We have been tied to the dock in La Paz for a few weeks now and have quickly settled back into the lazy easy going life here.
The day starts with the morning net on VHF CH22 waking us up at 8am. On the net we hear of any medical emergencies, anyone who has lost their dinghy or other valuables, people looking for knowledge or assistance and sometimes a bit of gossip, which keeps us amused.
I spend the rest of the day doing little boat jobs and learning some more Spanish. Arturo calls around a couple of times each week to give me face to face Spanish lessons and I try to help him with his Kumon maths course.
The original plan was to depart La Paz in the next month for the South Pacific and beyond, however I have been thinking long and hard on this one. Many of the islands there have been closed to visitors, and although most are opening up now, things could easily change if a new virulent strain of Covid should emerge. I’m optimistic that this will not be the case, but there’s enough doubt there for my other nagging questions about the trip to get the better of me. Firstly I’m not 100% sure I actually want to do another massive passage, I’m not totally sure what the South Pacific has to offer that we haven’t had bucket loads of already. I know this sounds terrible, but we really have already seen the best beaches you can imagine, been in amazing rainforests, climbed volcanoes etc etc. The South Pacific will need to have some serious wow factor to impress us now.
Saying that, the coral fringed atolls do sound amazing. Also I have been toying with the idea of sailing to Hawaii then onto Canada/Alaska. We both loved the Pacific Northwest so much and really want to return, but that trip is probably more taxing than the south pacific, and in a way seems like going backwards.
Places I really want to visit still are Sri Lanka, India, the islands east of Africa, and Africa itself. Also I still have to do some fairly big jobs on the boat before undertaking any serious offshore passages.

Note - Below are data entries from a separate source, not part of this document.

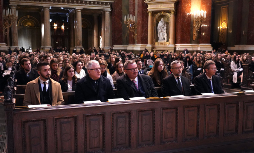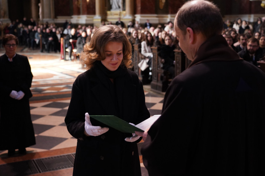 Megtisztelő lehetőség és felemelő élmény volt a Pázmány BTK számára, hogy a keresztféléves diplomaátadó ünnepséget a magyar katolikus élet központjában, a Szent István-bazilikában tarthatta. Szombaton délelőtt a Pázmány Péter Katolikus Egyetem Bölcsészet- és Társadalomtudományi Karának (PPKE BTK) 108 alap- és mesterképzést végzett hallgatója foglalta el az első padsorokat a bazilikában. A hálaadással és a békéért szóló imádsággal egybekötött ünnepségen címzetes egyetemi kinevezéseket is átadott az intézmény vezetése. A diplomaátadón a kétszáz hozzátartozó mellett részt vett Hankó Balázs innovációért és felsőoktatásért felelős államtitkár, Hegyi László egyházi felsőoktatási és szakképzési intézmények fejlesztéséért felelős miniszteri biztos, valamint Schanda Tamás, a köztársasági elnök kabinetfőnöke is.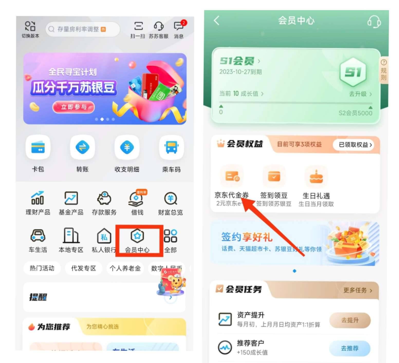 江苏银行会员中心领2元京东e卡,每月一次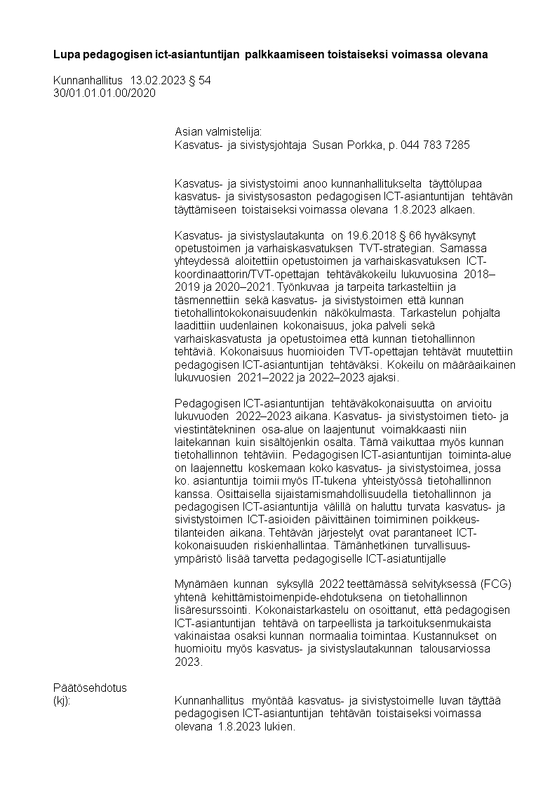 Pöytäkirja 13.02.2023/Pykälä 54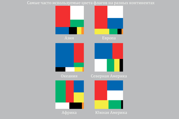 Например, на сайте Flag Stories представлено больше всего трехцветных флагов, а вот шестицветных — всего пять в мире. Самые используемые символы на флагах, если не считать таковыми параллельные полоски, — звезда, полумесяц, крест, солнце и щит. Самые популярные цвета — красный, синий и белый, а также их всевозможные сочетания. И вишенка на торте: в мире минимум 16 стран, чьи флаги похожи друг на друга как братья.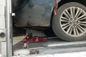 Po sprawdzeniu ładunku i zabezpieczenia „Krokodyle” stwierdzili, że przyciężkie kombi przewożono bez spięcia auta pasami. Za jedyne zabezpieczenie służył hamulec postojowy, zwany potocznie „ręcznym”.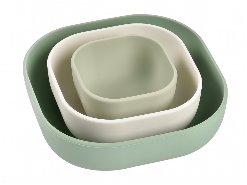 Zestaw trzech misek z wysokiej jakości silikonu w trzech rozmiarach można stosować od pierwszych pokarmów dla niemowląt aż po podawanie obiadu czy przekąski dziecku w wieku niemowlęcym i wczesnym okresie rozwoju. Wysokie ścianki i zaokrąglony kształt ułatwiają nabieranie pokarmu. Miski łatwo się przechowuje, wkładając je jedna w drugą.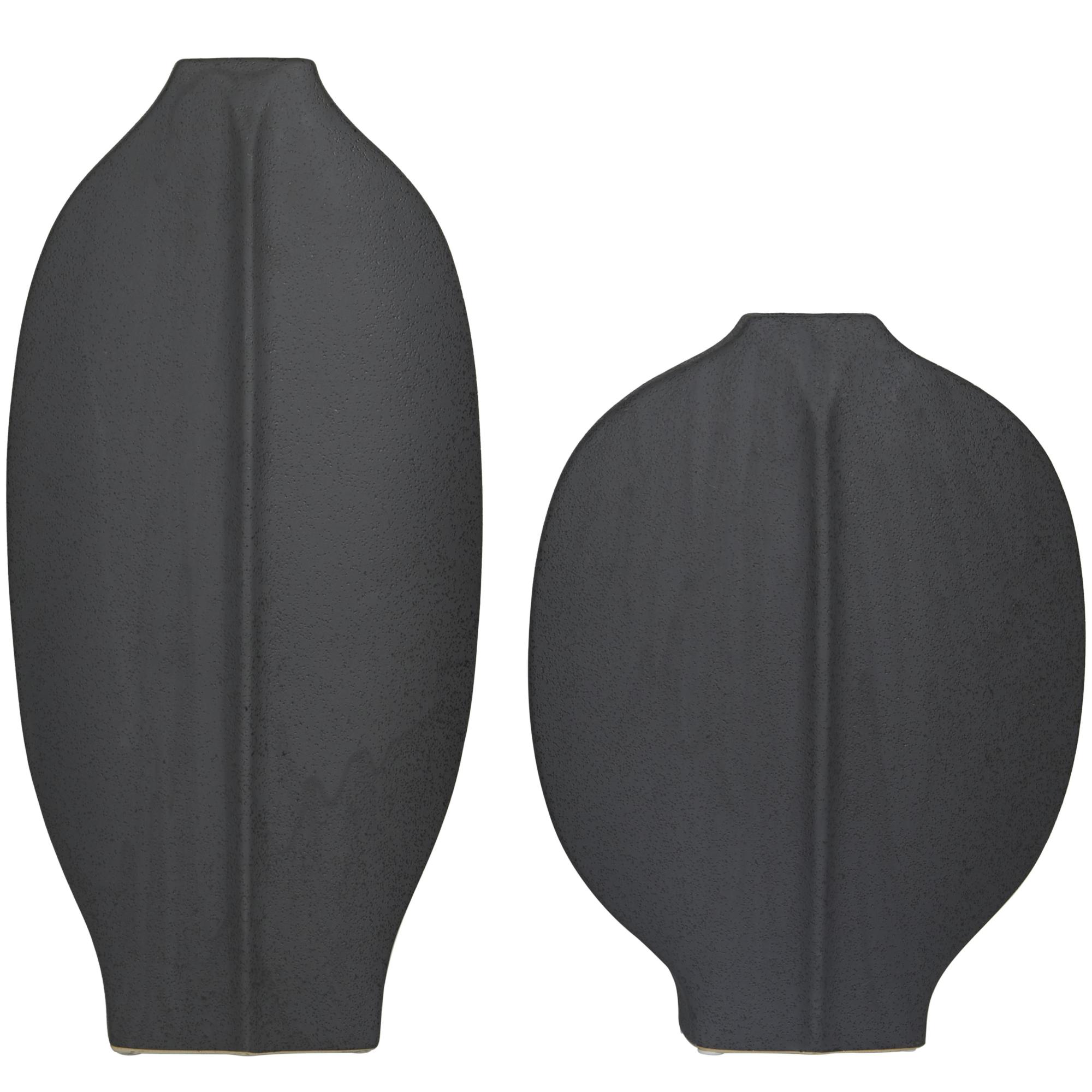 Fill this set of 2 centerpiece vases with dried flowers, branches, and foliage for a beautiful display on your console table. Designed with felt or rubber stoppers at the base that prevent scratching furniture and table tops, as well as sliding around. This item ships in 1 carton. Suitable for indoor use only. This item ships fully assembled in one piece. This stoneware vase comes as a set of 2. Modern style. Vases have 1 in, and 0.80 in mouth openings.

So the upshot of this is I have decided to take a gap year out of passage making, I put a wad of dollars on the table and secured this berth in the marina for the next year. Phew, the pressure is off now, I can focus on being lazy, learning Spanish, getting the boat up to scratch and working out a cruising plan for 2023. Of course we will still sail around the Sea of Cortez during the next year, but without any deadlines, it will be a very relaxed affair.
Last week I hauled out the two anchors and chain onto the pontoon for their regular inspection. this allows me to clean the chain locker which can get a bit smelly if left unattended for long. The port anchor, which we have never used has a smallish length of chain at the anchor end, but is mostly rope. Checking the chain I found the shackle that joins it to the rope was very rusted and also the chain had one very rusty link. I will refrain from stating the obvious cliche here. I hacked the rusty link out and replaced it with a couple of big shackles. This anchor is only used in extreme weather, and so the problems you get with shackles in chain shouldn’t be an issue.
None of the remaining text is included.